Review:

This isn’t about mobile phones any more. Karen McGrane has written a book about making your content work on every device with internet access—Create Once, Publish Everywhere, as NPR saysContent Strategy for Mobile describes a strategy for gradually abstracting content away from presentation (there’s a parallel here to the web standards movement of the 2000s and the separation of markup and style) and suggests that you start by making a business case for mobile content. Anyone in charge of a content-based website should read this.

Highlights

Many content management systems look like a database got drunk and vomited all over the interface (fig 3.14).
If there’s one thing we should have learned from the web, it’s that user behavior evolves more quickly than businesses realize. User expectations evolve and move forward, and only later do organizations hurry to catch up. If you’re wondering if you’re going to need to invest in getting your content on mobile, quit hoping you won’t have to. Your customers are already there.
Many times, we encode structural information merely through styling.

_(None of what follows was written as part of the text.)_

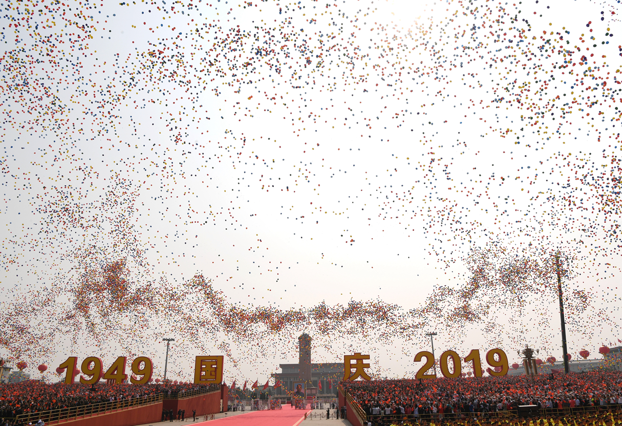 12時40分許,7萬羽和平鴿展翅高飛,7萬隻氣球騰空而起,在《歌唱祖國》的旋律中,歷時2小時40分鐘的慶祝大會結束。

Data like author names or movie titles or calendar dates get pasted into the body of the text, perhaps formatted in bold or italics. But just because those text elements have been styled visually doesn’t mean you can do anything with them. If that metadata were called out separately—stored in a unique field in the database, or marked up with semantic tags that describe what the content means (rather than just how it should be styled)—it would be more useful and more actionable.